The franchise sector has outstripped the rest of the economy, with franchisors growing revenue by 12% last year, according to new research.
PwC’s Franchise Sector Indicator found that the industry had outperformed other types of businesses for the second year in the row.
Individual franchisees also did well, with revenue growth of 7% and a 6% leap in profits.
However, 80% of franchisors said that finding suitable franchisees to run their outlets was the number one challenge.
More than two-thirds said that 30 to 44 was the desirable age for franchisees, although just 42% of current franchisees are in this age bracket.
Around four in ten franchisors increased their marketing spend last year, although 60% admitted that accessing debt finance was a problem.
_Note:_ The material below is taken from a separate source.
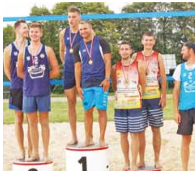
Najlepsze pary 1. turnieju eliminacyjnego OMŁ.

Expectations for the year ahead are strong, with franchisors reporting an expectation of 13% revenue growth. Forecasts for the following three years are healthy too, with franchisors expecting to boost profit by a total of 50%.
Greg Hodson, partner at PwC, says, “Growth in the franchise sector has been nothing short of outstanding. In the past 12 months the sector has proved to anyone who ever doubted it the strength of franchising as a business model.”
“Realistic franchisors told us though, that like any business sector, franchising is not without its challenges.”
“The successful franchises of the future will be those that can turn the challenges into opportunities that they can capitalise on.”
“The franchising brand needs to stand for being a dynamic sector where business savvy individuals can build personal wealth and work in a dynamic team environment.”